En septembre 2022, le mini-budget britannique de 45 milliards de livres a frappé les marchés alors que la Banque d’Angleterre augmentait ses taux. Le rendement des gilts à 30 ans a bondi d’environ 120 points de base en quelques jours, les fonds de pension à effet de levier ayant dû vendre pour répondre aux appels de marge.
La banque a été contrainte d’intervenir en urgence comme filet de sécurité, et la Première ministre Liz Truss a démissionné après seulement 49 jours.
La Turquie illustre une version plus progressive. Le président Recep Tayyip Erdogan a fait pression pour des baisses de taux en pleine inflation élevée et a remplacé les gouverneurs qui s’y opposaient. La livre turque a perdu environ 44 % en 2021, et l’inflation a ensuite dépassé 85 %.
Cette tension ne date pas d’hier.
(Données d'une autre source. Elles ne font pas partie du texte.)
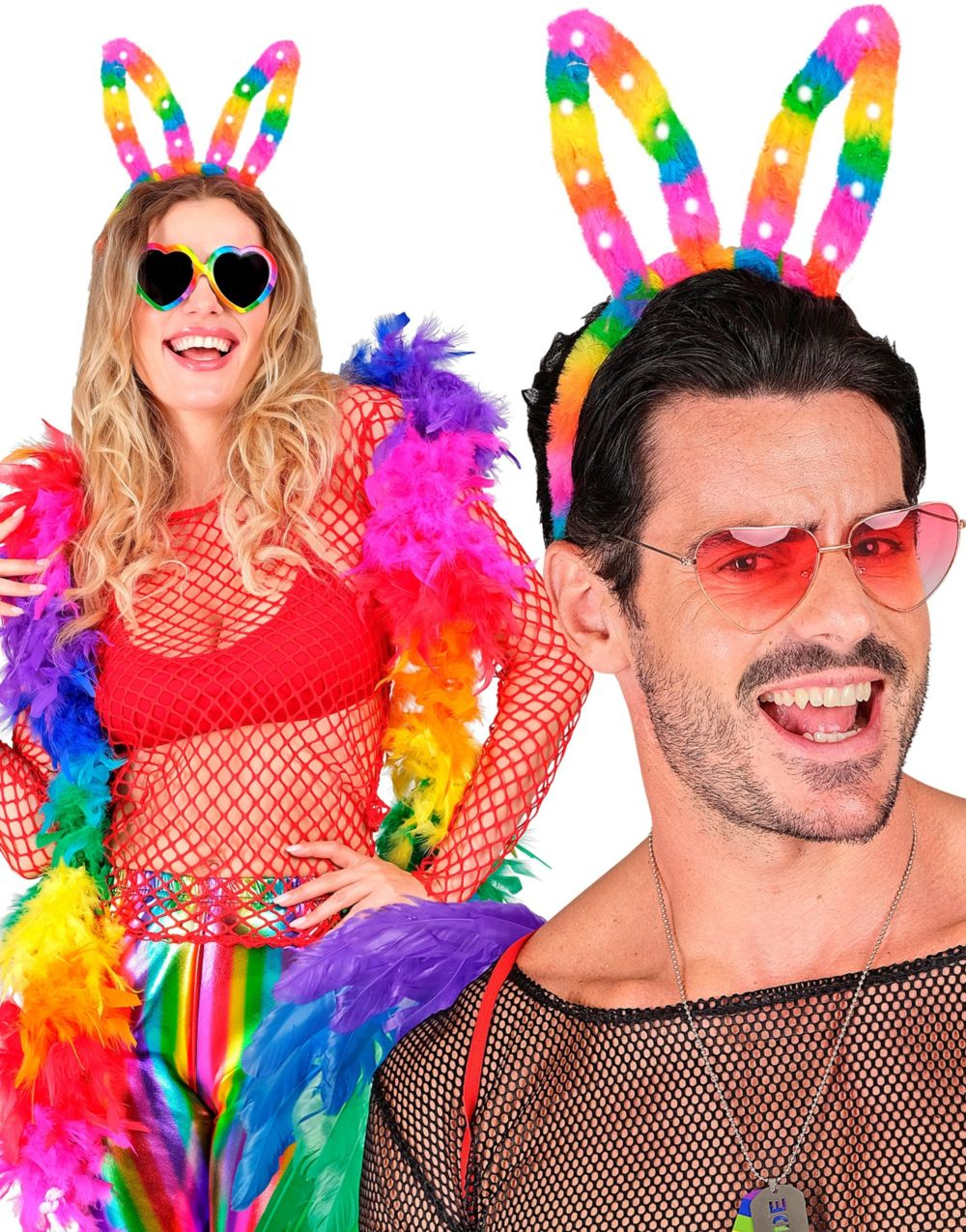 Lysende Regnbue Kaninører - Med Tre Lysmoduser

En 1951, l’accord entre le Trésor américain et la Fed a libéré la Fed après des années de soutien à la dette bon marché.
La Fed avait maintenu les rendements à long terme autour de 2,5 % pour financer la Seconde Guerre mondiale, un cas d’école de domination budgétaire.
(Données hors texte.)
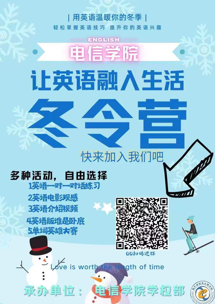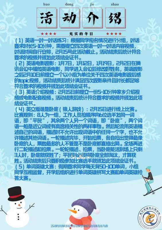 学生会学权部承办的英语冬令营正式开始招生。全力打造完全浸泡式的英语环境,从生活到学习,从活动到课程,全英文交际!

Pourquoi le marché crypto doit-il s’en préoccuper ?
Le Japon joue un rôle clé dans les actifs numériques, notamment au travers du carry trade sur le yen, une pratique qui consiste pour les investisseurs à emprunter du yen à faible coût afin d’acheter des actifs à haut rendement à l’étranger. On estime que ces échanges représentent plusieurs milliers de milliards de dollars.
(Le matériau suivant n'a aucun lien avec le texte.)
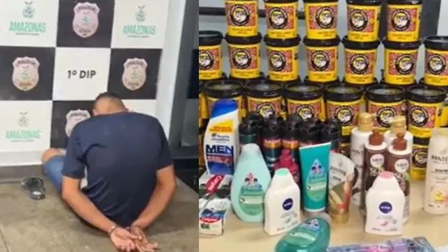 Na tarde de sábado (26), policiais militares prenderam Jhonathan Silva do Carmo por tentar furtar manteigas Cabeça de Touro e outros produtos, no bairro Raiz, na Zona Sul de Manaus.

Après la hausse des taux de la BOJ en juillet 2024, cette stratégie s’est rapidement inversée. Début août, le Nikkei 225 a chuté de 12,4 % en une séance, sa pire performance depuis 1987. Bitcoin (BTC) est passé sous les 50 000 dollars.
Le scénario rappelle d’autres épisodes. Les positions vendeuses sur le yen ont récemment atteint leur plus haut niveau depuis 2024. Les analystes mettent aussi en garde contre le fait que le marché obligataire japonais pourrait menacer le rallye alimenté par l’argent bon marché sur les actions et la crypto. Le Japon affiche le plus lourd endettement du monde développé, plus du double de son PIB, ce qui laisse peu de place à l’erreur.
La capacité du Japon à absorber la hausse de la dette sans subir de choc pourrait dépendre du volume réellement acheté par ses fonds de pension, ainsi que de la durée pendant laquelle la Banque du Japon poursuivra son resserrement monétaire. Les marchés qui ignoraient autrefois Tokyo scrutent désormais chaque signal.